One last interesting optimization was the use of Grand Central Dispatch to manage my rendering operations. I needed a solid, performant way to ensure that all rendering operations using the same OpenGL ES context would never execute at the same time on multiple threads. In the previous version of Molecules, I had done this by making every OpenGL call run on the main thread. This was not a good solution, and it became even worse with the longer frame rendering times of this new engine.
Instead, I created a GCD dispatch queue that would only execute one item at a time, but would run these items on a background thread, and wrapped every operation that touched the OpenGL ES context in a block to be performed on this dispatch queue. By moving these operations from the main thread, performance increased by 10-20% on most devices.
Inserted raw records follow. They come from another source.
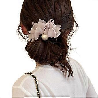 Gray Chiffon Hair Scrunchie with Pearl Accent for Elegant Versatile Hairstyles
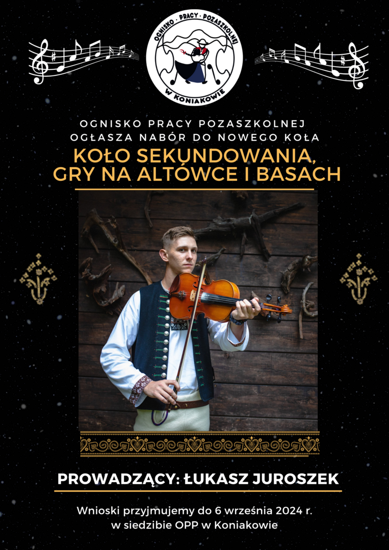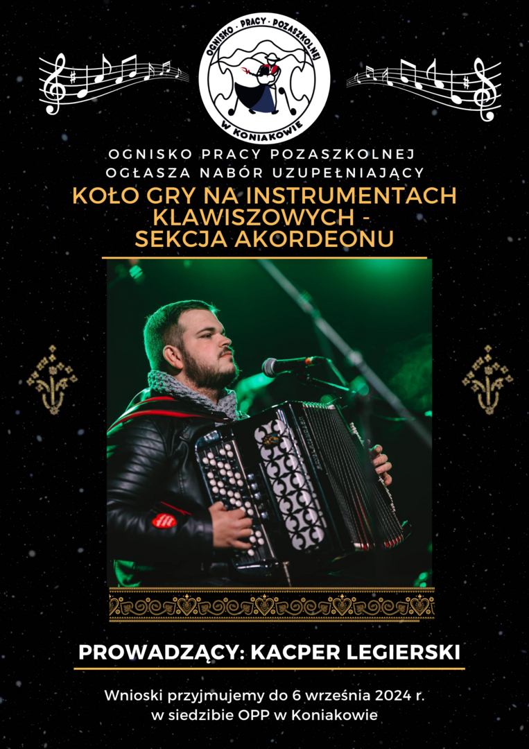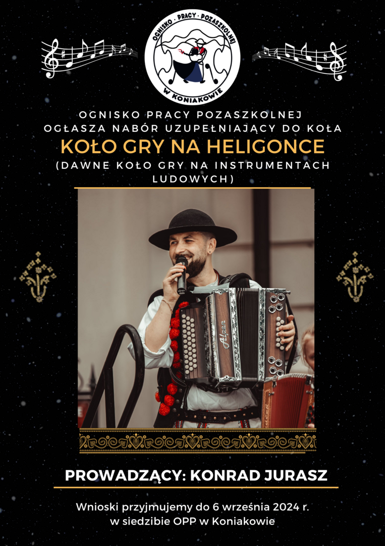 Koła gry na heligonce (dawne koło gry na instrumentach ludowych) , które poprowadzi Konrad Jurasz utalentowany muzyk i instruktor z dużymi osiągnięciami w zakresie nauczania gry na heligonce.
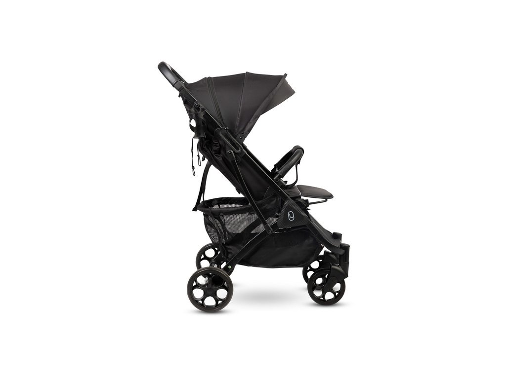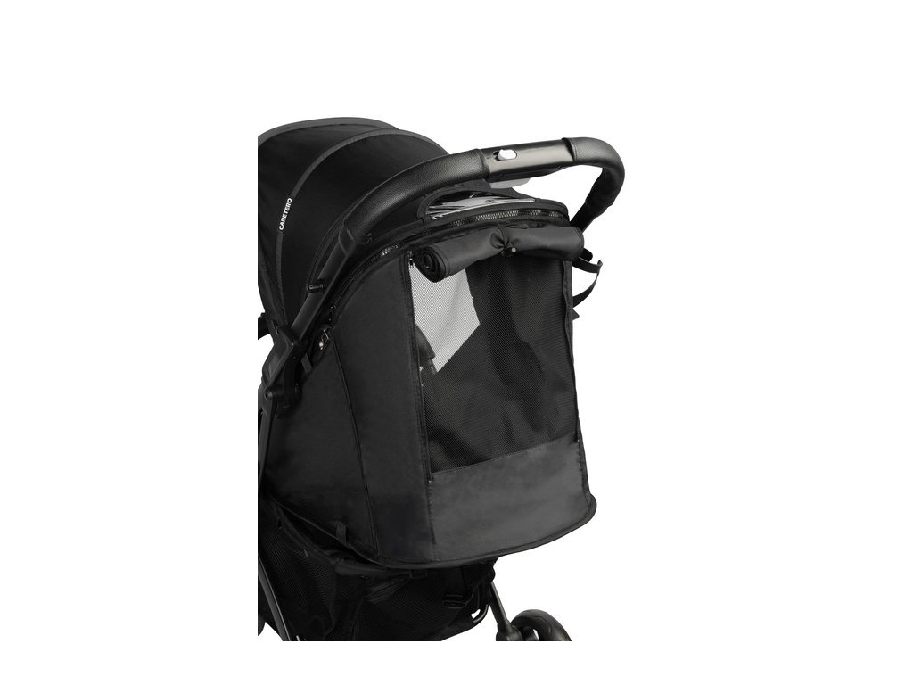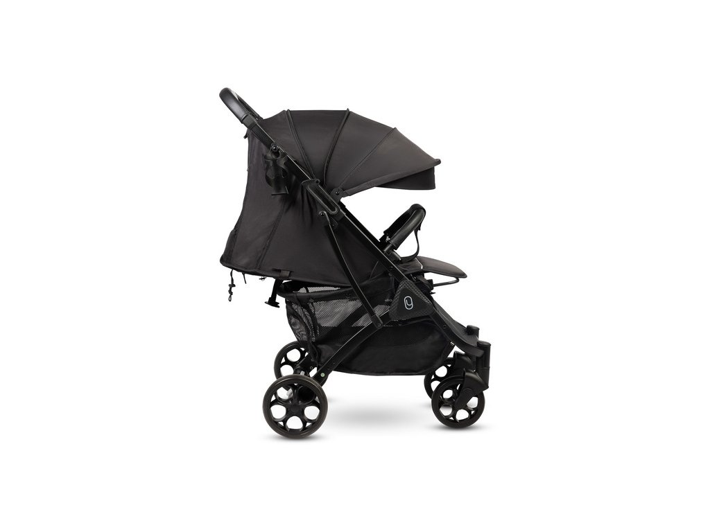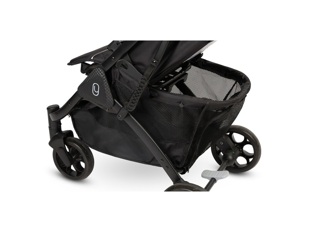 - Dodatočný držiak na fľašu, praktické vrecko na drobnosti a hlboký úložný kôš pod kočíkom.
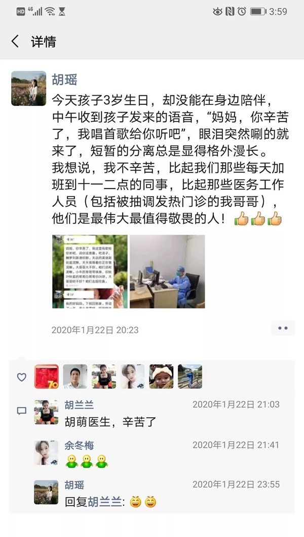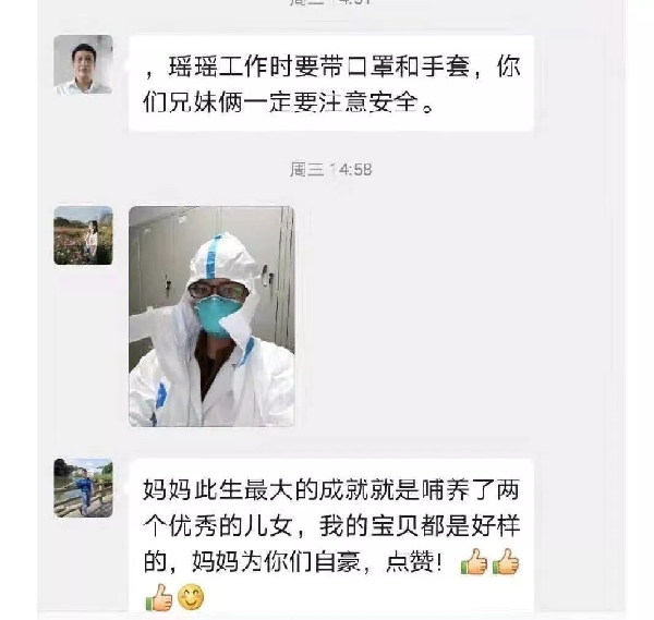 “我爸媽其實是挺擔(dān)心我們的,他們每天在家也都在關(guān)注肺炎的相關(guān)新聞,知道危險性,但從來沒有一句阻攔的話。我爸是一名老黨員了,他經(jīng)常對我和妹妹說,能用所學(xué)幫到社會是一件光榮的事情。”胡萌說。
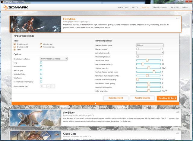 Используется только тест FireStrike с настройками по умолчанию (performance).

On the iPad 2, however, performance jumped by nearly 50%. I'm guessing that fully utilizing that second processor core on the iPad 2 really helped here.
As I said, I'm only just getting started with the performance tuning of this new renderer. Because this is a lot more complex than the old fixed-function renderer, there are many more ways of optimizing this.
Again, I highly recommend reading the paper by Tarini, et al. to see the original description of this rendering technique, as well as some of the math that I may have skipped over here. Hopefully, by going between this overview, their math, and the published Molecules code, you should be able to see how this application operates.
I'm incredibly happy that I was finally able to make this rendering model work. It took a few months to pull together once I understood the basic concepts, and I think it was definitely worth the effort.